Обсуждение: GSOC 2018 ideas

Поиск
Список
Период
Сортировка

GSOC 2018 ideas

От
Charles Cui
Дата:
Hi Aleksander,

   This is Yan from Columbia University. I saw PostgreSQL is selected in GSOC 2018 and pretty interested in the ideas of thrift data types support that proposed by you. So, I want to prepare for a proposal based on this idea. Can I have more detailed information of what documents or code that I need to understand? Also, if this idea is allocated to other student (or in other worlds, you prefer some student to work on it), do let me know, so that I can pick some other project in PostgreSQL. Any comments or suggestions are welcomed!

Hope for your reply!


Thanks Charles!

Re: GSOC 2018 ideas

От
Aleksander Alekseev
Дата:
Hello Charles,

> I saw PostgreSQL is selected in GSOC 2018 and pretty interested in the
> ideas of thrift data types support that proposed by you. So, I want to
> prepare for a proposal based on this idea.

Glad you are interested in this project!

> Can I have more detailed information of what documents or code that I
> need to understand?

I would recommend the following documents and code:

* Source code of pg_protobuf
  https://github.com/afiskon/pg_protobuf
* "Writing Postgres Extensions" tutorial series by Manuel Kniep
  http://big-elephants.com/2015-10/writing-postgres-extensions-part-i/
* "So you want to make an extension?" talk by Keith Fiske
  http://slides.keithf4.com/extension_dev/#/
* Apache Thrift official website
  https://thrift.apache.org/
* Also a great explanation of the Thrift format can be found in the
  book "Designing Data-Intensive Applications" by Martin Kleppmann
  http://dataintensive.net/

> Also, if this idea is allocated to other student (or in other worlds,
> you prefer some student to work on it), do let me know, so that I can
> pick some other project in PostgreSQL. Any comments or suggestions are
> welcomed!

To my best knowledge currently there are no other students interested in
this particular work.

--
Best regards,
Aleksander Alekseev

Вложения

Re: GSOC 2018 ideas

От
Charles Cui
Дата:
Got it, Aleksander! Will study these documents carefully!

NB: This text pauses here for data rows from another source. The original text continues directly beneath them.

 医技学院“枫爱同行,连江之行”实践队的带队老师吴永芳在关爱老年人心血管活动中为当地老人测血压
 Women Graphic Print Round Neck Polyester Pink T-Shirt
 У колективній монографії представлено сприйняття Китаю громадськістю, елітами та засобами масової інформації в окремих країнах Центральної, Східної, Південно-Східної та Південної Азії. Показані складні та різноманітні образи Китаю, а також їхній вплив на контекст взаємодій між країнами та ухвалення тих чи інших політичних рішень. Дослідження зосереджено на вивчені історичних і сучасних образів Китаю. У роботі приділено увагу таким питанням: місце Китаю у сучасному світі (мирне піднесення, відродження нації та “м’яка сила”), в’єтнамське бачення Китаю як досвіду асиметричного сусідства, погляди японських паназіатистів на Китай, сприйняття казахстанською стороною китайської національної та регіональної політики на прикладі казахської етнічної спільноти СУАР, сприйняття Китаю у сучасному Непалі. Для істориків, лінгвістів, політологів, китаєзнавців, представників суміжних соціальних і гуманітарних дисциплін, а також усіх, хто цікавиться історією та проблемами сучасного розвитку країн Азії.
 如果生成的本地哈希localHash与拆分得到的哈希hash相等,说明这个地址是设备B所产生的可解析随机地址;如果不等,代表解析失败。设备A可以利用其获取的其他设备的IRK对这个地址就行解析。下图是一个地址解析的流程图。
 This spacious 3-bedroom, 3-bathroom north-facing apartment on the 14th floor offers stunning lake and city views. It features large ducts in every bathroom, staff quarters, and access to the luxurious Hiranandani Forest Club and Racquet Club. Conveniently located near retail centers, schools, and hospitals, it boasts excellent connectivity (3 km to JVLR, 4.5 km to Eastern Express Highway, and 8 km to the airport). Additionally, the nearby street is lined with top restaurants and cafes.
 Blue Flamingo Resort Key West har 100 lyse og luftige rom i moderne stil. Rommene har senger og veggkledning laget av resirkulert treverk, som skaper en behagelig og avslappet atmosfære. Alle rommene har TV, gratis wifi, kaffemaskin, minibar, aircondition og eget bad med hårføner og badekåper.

2018-02-26 4:21 GMT-08:00 Aleksander Alekseev <a.alekseev@postgrespro.ru>:
Hello Charles,

> I saw PostgreSQL is selected in GSOC 2018 and pretty interested in the
> ideas of thrift data types support that proposed by you. So, I want to
> prepare for a proposal based on this idea.

Glad you are interested in this project!

> Can I have more detailed information of what documents or code that I
> need to understand?

I would recommend the following documents and code:

* Source code of pg_protobuf
  https://github.com/afiskon/pg_protobuf
* "Writing Postgres Extensions" tutorial series by Manuel Kniep
  http://big-elephants.com/2015-10/writing-postgres-extensions-part-i/
* "So you want to make an extension?" talk by Keith Fiske
  http://slides.keithf4.com/extension_dev/#/
* Apache Thrift official website
  https://thrift.apache.org/
* Also a great explanation of the Thrift format can be found in the
  book "Designing Data-Intensive Applications" by Martin Kleppmann
  http://dataintensive.net/

> Also, if this idea is allocated to other student (or in other worlds,
> you prefer some student to work on it), do let me know, so that I can
> pick some other project in PostgreSQL. Any comments or suggestions are
> welcomed!

To my best knowledge currently there are no other students interested in
this particular work.

--
Best regards,
Aleksander Alekseev

Re: GSOC 2018 ideas

От
Charles Cui
Дата:
Hi Aleksander,

   Went through the documents listed by you, and they are helpful!
It seems the main purpose of extension pg_protobuf is to parse
a protobuf struct and return the decoded field. May I ask how these kinds
of extensions are used in postgreSQL (or in other words, the scenarios to 
use these plugins)?


Thanks Charles!

2018-03-02 21:11 GMT-08:00 Charles Cui <charles.cui1984@gmail.com>:
Got it, Aleksander! Will study these documents carefully!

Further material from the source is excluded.